Jack nodded as he walked up to where he knew Courtney’s room was and lightly knocked. He heard an even lighter “come in” and he entered. Once he entered, his nose was assaulted with the smell of bleach and lemon that were almost certainly due to the cleaning products used to get the blood out of the floor.
“Hey Court. How you holding up?”
She instantly opened her eyes and her face brightened, seeing her former next-door neighbor standing in her doorway. “Jack! What are you doing here?”
Jack smiled as he pulled a chair from her desk and sat it next to her bed. He sat on it backwards and leaned in warmly towards the bed. “You wouldn’t believe me if I told you. But I thought I should stop by. Keep you company for a little while.”
“That’s sweet of you. John’s been coming by pretty much daily with homework… and ice cream,” She said with a light smile as she scooted herself up into a seated position. Wincing, she grabbed her stomach as she twisted her torso around. She let out a sigh as she regained her composure.
Jack nodded his head towards her stomach. “Still in pain?”
“A little bit… Doctor McNider took me off the painkillers yesterday. He said he didn’t want me getting addicted… Small price to pay,” She laughed.
Jack felt tears begin to form in his eyes that clouded his vision. While he knew that it was only Vandal Savage and Per Degaton, he couldn’t help but feel responsible for what happened to Courtney. “Court… I know Erin Tyler told you…”
“That you’re my brother?” She asked brightly.
Jack nodded with a reluctant smile on his face. “Yeah, something like that.” Jack’s face fell as he looked down at his sister; the sister that he was finally admitting to himself that he had. Deep down, he always had known that their bond could only be explained by blood. “Look, Court… I… uh… I’m gonna take care of you now.”
“You always have.”
Jack shook his head. “But this happened…”

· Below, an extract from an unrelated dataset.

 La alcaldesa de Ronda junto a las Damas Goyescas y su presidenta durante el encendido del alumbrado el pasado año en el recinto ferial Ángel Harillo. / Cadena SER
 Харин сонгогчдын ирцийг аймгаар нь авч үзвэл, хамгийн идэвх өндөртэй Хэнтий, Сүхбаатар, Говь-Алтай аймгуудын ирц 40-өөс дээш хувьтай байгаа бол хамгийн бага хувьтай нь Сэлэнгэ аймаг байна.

She slowly moved her hand and found his, beginning to lightly caress it. “Jack… don’t worry, I’ll be fine. Hey, for once my family life doesn’t seem so awful now.”
With light trepidation, he leaned down and kissed her lightly on the forehead. The pair sat together for several hours with Jack relaying the story of his time in Kahndaq and playing her a few songs on her guitar.

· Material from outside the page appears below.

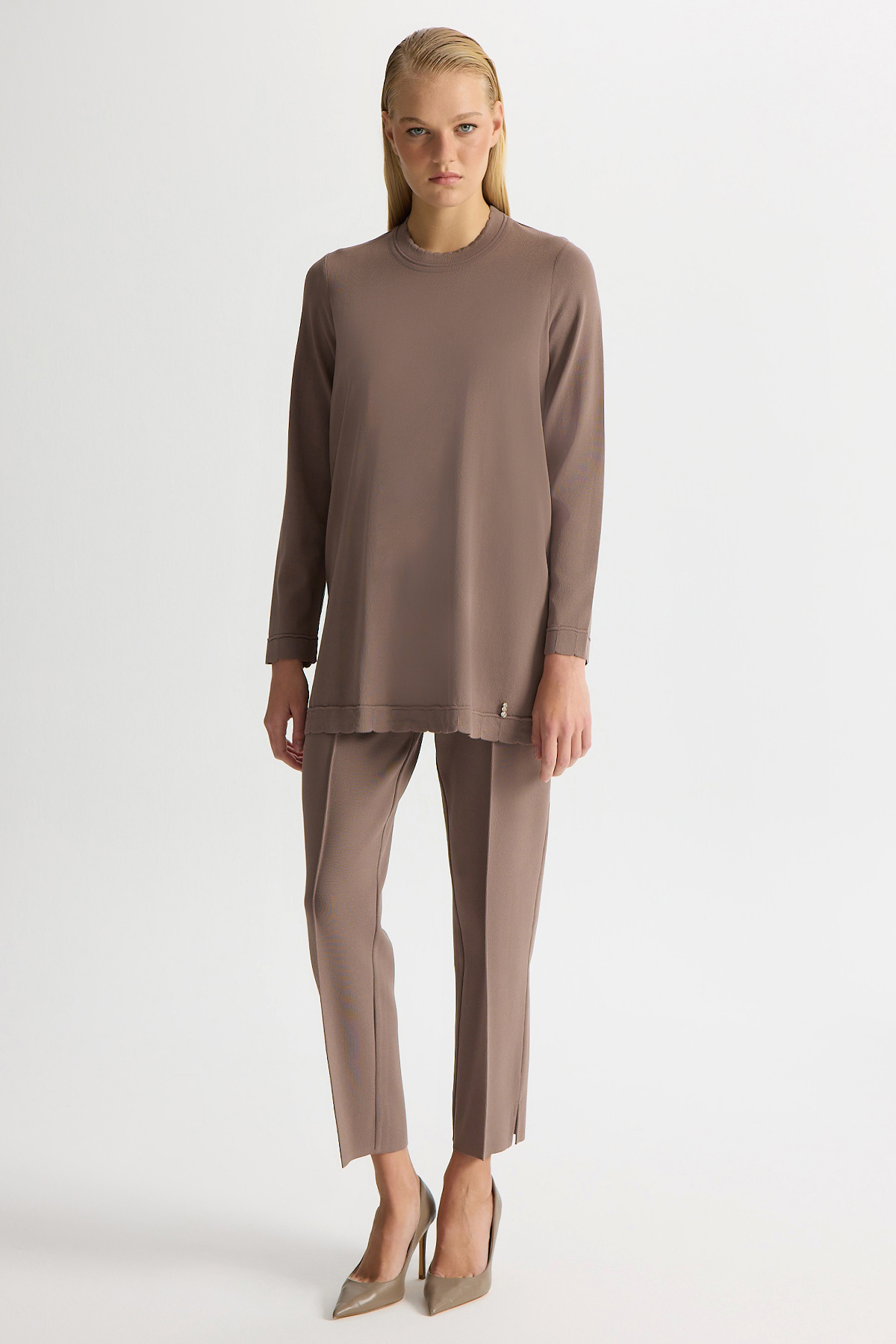 Dar Paça Basic Triko Pantolon Kahverengi Pudra

After several hours, she had fallen asleep and Jack got up to leave. As he left the room, he looked up at the ceiling and nodded. “Thanks Dad…”
The End
Father’s Day
***
Camelot. Opal City, Maryland
Jack Knight tossed and turned in his sleep as he tried to find a spot where he could get comfortable to no avail. Barbara Gordon had been gone for three weeks and he hadn’t gotten a good night’s sleep since. He didn’t realize how much he had missed sleeping next to someone until then. His fiancé left him nearly seven months ago, but that’s not a pain you get over quickly.
With a long sigh, he rolled out of bed and as he left his room, he threw on a heavy robe over his boxers. “I wonder if there’s anything in the kitchen…”

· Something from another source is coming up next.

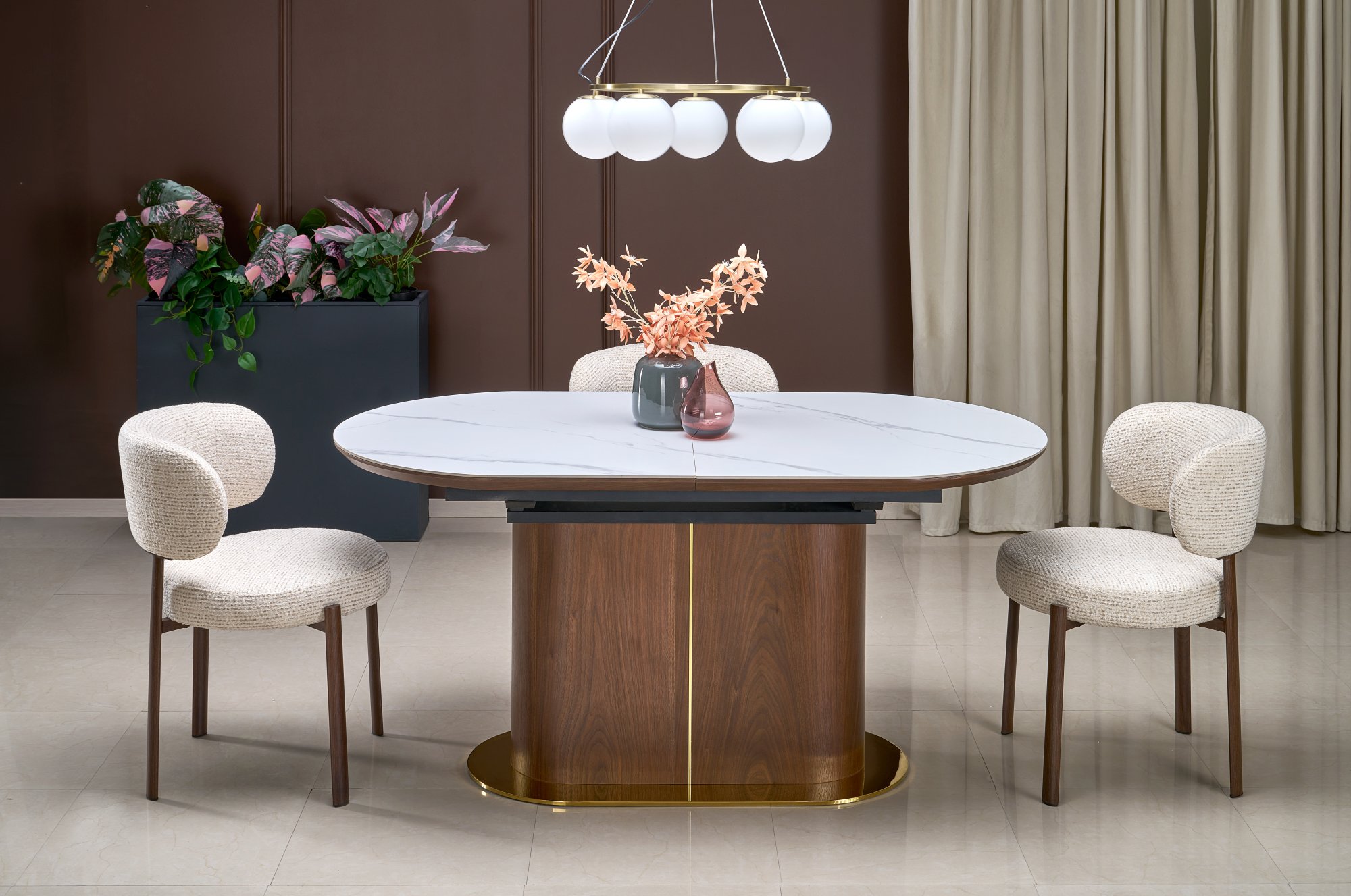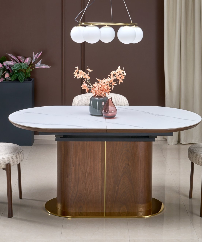 dimensions: 160-220/90/76 cm, extension table, material: sintered stone / lacquered MDF / laminated MDF, color: top – white marble, legs – walnut / gold

Carefully, he walked down each step in the dark. Until a week ago, he hadn’t slept in that house in close to a decade, so he was still trying to get the feel of it all, to no such luck. He was still stumbling around in the dark.
Suddenly he heard a male’s voice like a whisper in the night. “Jack…”
“Hullo?” He cautiously answered.
“Jack…” he heard call again in the night.
Without thinking, he went passed the Grand Foyer and into the back dining room and out the back door that opened into the backyard where a graveyard for the Justice Society was kept. His father used to call it Valhalla, which Jack always criticized him for mixing his mythologies. “You should have called it Avalon,” he would always tell him.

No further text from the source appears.